As for Türkiye, which has never played a substantial part in mediation of the conflict, its alignment with Azerbaijan suggests that it is highly unlikely to take on this role. Statements issued by Ankara in the wake of the flare-up demonstrated solidarity with Baku, with which it shares strong cultural, ethnic and increasingly strategic links. Foreign Minister Mevlüt Çavuşoğlu tweeted on 13 September that “Armenia should cease its provocations and focus on peace negotiations”, and told attendees at a conference that Türkiye would never abandon Azerbaijan.

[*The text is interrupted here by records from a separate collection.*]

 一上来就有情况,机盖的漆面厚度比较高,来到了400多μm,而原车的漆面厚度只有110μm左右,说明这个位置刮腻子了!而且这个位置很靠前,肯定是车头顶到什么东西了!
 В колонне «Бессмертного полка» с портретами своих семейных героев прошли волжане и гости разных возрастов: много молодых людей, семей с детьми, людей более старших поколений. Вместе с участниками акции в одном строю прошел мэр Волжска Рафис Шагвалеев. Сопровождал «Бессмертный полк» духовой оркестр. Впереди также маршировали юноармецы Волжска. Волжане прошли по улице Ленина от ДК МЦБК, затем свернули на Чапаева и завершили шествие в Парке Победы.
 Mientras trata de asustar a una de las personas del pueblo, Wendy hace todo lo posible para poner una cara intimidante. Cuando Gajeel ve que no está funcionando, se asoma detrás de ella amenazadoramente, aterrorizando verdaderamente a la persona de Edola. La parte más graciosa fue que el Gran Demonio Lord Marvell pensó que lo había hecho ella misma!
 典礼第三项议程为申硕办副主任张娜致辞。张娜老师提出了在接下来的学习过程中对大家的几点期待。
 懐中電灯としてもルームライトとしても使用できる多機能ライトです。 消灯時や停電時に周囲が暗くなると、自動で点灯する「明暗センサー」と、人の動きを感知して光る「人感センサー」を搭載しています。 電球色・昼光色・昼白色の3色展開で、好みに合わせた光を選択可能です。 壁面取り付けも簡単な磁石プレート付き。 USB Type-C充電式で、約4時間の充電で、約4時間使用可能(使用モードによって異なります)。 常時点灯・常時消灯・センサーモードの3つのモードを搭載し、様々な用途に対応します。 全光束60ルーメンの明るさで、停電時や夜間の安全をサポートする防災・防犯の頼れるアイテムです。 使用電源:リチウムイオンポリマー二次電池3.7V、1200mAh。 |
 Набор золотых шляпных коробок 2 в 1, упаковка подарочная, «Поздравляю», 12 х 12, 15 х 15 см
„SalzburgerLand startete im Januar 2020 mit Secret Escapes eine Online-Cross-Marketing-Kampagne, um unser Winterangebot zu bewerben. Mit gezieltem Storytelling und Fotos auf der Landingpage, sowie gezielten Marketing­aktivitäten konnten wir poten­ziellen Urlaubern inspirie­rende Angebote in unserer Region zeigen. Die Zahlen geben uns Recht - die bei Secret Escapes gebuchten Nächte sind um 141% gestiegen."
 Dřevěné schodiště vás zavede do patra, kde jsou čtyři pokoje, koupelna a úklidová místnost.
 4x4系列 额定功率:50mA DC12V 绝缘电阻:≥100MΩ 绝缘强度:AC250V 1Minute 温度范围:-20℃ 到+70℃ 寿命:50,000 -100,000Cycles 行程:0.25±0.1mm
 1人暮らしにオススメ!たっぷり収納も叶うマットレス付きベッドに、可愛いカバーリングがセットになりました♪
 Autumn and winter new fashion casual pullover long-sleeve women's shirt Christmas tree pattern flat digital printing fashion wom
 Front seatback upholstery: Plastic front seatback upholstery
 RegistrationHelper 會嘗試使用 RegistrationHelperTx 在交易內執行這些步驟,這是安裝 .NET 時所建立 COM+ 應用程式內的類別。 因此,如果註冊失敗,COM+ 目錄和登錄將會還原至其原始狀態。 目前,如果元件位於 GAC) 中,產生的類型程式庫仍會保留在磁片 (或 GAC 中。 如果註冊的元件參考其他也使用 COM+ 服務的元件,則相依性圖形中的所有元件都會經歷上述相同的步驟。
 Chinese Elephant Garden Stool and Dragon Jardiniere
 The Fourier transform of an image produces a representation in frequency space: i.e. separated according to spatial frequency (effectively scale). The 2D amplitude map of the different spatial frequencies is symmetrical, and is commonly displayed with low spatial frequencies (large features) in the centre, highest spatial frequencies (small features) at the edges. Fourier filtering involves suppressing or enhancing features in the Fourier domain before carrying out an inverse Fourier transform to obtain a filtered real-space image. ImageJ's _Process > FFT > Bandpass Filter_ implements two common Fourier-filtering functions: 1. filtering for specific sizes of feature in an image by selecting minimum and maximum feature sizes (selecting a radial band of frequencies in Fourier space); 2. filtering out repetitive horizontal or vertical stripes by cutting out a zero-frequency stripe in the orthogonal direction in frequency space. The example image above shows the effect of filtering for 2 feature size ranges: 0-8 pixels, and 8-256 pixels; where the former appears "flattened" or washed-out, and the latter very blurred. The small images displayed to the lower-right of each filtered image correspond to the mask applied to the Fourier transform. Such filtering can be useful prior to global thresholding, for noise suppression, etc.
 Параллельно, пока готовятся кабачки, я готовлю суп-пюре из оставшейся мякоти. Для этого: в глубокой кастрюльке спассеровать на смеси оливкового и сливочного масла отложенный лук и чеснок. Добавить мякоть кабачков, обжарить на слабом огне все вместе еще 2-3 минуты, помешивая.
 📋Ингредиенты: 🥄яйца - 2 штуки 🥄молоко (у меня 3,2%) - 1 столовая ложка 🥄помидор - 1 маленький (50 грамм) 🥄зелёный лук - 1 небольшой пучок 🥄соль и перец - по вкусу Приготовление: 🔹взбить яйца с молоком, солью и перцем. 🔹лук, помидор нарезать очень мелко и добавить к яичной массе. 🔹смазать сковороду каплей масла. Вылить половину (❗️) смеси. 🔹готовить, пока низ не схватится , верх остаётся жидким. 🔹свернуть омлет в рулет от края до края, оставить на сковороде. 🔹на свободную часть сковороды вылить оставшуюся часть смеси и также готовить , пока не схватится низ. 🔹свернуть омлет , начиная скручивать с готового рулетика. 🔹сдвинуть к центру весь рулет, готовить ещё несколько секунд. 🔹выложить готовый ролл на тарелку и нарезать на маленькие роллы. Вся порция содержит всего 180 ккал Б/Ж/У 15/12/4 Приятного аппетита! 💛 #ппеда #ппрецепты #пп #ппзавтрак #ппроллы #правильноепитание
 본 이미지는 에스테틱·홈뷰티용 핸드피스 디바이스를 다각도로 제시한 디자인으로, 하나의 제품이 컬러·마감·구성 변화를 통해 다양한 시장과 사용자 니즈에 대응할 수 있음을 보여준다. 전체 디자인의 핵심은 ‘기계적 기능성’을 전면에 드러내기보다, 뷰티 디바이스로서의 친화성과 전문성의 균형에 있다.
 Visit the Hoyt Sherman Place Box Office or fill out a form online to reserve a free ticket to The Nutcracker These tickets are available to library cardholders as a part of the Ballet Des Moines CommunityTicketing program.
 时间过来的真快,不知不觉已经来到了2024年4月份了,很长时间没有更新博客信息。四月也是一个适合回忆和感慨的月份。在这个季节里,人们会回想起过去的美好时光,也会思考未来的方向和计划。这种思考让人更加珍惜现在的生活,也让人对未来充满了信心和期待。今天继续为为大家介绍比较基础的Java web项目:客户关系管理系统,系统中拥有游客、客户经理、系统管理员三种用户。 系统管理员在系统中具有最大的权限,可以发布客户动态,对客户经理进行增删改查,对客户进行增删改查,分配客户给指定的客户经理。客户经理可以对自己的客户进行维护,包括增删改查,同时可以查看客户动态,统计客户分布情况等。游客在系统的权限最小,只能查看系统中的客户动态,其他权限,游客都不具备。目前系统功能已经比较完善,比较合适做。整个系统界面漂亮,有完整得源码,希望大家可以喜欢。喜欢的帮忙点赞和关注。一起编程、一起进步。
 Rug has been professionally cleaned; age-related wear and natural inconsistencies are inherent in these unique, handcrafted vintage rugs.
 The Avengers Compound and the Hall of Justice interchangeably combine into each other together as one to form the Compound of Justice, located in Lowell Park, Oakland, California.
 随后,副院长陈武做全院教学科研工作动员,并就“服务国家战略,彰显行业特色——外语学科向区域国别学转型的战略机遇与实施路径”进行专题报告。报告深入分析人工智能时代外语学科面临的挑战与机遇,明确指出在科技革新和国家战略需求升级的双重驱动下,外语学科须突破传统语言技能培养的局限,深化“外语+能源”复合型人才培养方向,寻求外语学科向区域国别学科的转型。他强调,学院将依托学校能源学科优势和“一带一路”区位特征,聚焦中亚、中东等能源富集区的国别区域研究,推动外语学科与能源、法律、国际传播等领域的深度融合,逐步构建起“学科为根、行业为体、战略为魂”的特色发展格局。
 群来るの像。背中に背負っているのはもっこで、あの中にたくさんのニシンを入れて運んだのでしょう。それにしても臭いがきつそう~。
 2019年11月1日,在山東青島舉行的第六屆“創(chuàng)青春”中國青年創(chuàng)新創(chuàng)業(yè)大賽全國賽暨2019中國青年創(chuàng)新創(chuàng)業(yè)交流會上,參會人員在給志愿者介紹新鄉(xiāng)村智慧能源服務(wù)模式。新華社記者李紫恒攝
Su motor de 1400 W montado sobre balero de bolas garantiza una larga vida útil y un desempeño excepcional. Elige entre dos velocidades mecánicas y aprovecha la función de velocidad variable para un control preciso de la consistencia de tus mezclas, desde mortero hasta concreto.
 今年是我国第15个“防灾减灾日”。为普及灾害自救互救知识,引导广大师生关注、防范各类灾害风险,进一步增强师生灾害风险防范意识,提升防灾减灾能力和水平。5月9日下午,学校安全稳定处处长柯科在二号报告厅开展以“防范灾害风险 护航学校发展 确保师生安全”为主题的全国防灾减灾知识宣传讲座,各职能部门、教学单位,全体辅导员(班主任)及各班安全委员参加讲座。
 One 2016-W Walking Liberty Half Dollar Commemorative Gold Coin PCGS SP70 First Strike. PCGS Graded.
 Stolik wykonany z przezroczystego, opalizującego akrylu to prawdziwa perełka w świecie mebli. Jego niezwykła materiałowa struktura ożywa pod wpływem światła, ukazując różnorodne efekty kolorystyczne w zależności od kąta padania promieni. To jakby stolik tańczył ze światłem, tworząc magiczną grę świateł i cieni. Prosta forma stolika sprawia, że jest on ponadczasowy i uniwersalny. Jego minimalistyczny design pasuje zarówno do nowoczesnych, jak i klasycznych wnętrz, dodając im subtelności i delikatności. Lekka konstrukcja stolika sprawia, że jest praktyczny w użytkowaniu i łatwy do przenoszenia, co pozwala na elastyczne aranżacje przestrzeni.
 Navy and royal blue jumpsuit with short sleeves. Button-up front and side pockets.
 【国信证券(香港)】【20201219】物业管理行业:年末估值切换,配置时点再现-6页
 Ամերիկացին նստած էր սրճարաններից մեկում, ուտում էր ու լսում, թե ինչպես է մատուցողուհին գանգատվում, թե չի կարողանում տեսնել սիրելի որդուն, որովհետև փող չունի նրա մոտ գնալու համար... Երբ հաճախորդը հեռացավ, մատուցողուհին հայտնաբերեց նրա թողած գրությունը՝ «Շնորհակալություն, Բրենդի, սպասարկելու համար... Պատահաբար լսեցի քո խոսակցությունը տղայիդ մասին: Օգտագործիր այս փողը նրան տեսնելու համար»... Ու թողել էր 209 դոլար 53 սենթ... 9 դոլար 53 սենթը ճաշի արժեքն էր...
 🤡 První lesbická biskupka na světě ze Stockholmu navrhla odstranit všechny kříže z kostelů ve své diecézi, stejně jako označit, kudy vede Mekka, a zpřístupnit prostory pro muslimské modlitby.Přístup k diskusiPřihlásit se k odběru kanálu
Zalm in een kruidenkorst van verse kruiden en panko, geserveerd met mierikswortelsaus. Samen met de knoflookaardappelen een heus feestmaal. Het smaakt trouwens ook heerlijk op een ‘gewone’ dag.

So, what now? The most promising path forward involves all of the main mediators – Russia, the EU, France and the U.S. – finding a way to continue pulling in the same direction, as they did in the immediate aftermath of the mid-month escalation. Only sustained attention by international actors with influence in Baku and Yerevan has a hope of curtailing further violence. Moscow and its Western counterparts will need to take particular pains to compartmentalise their historically high tensions over the war in Ukraine, coordinating their efforts quietly or indirectly to the extent possible, and avoiding actions that one or the other might find threatening. (Moscow’s clear nervousness about Western involvement emerged on 14 September when a senior diplomat accused the EU of trying to oust Russia from the region.) All these outside actors should bear in mind that the interests of Russia and the West in the Armenia-Azerbaijan dispute largely coincide: Russia does not want any escalation that would require its response; the West does not want an escalation that would lead Russia to beef up its military presence in the region, which has already grown since 2020.
As for what the mediators tell Baku and Yerevan, the core message has not changed: efforts to resolve the parties’ long-running dispute militarily are likely to produce nothing better than a brittle, unsustainable peace. Instead, they say, the parties should return to the negotiation table, where they can best achieve their objectives. Important as this message is, however, it will also be vital to convey a sense of urgency. The frequency of fighting over the course of 2022 is cause for alarm. Absent significant outside pressure, the 30-year conflict could too easily flare up anew, especially as September’s fighting stokes fresh anger in a region still raw from the 2020 war.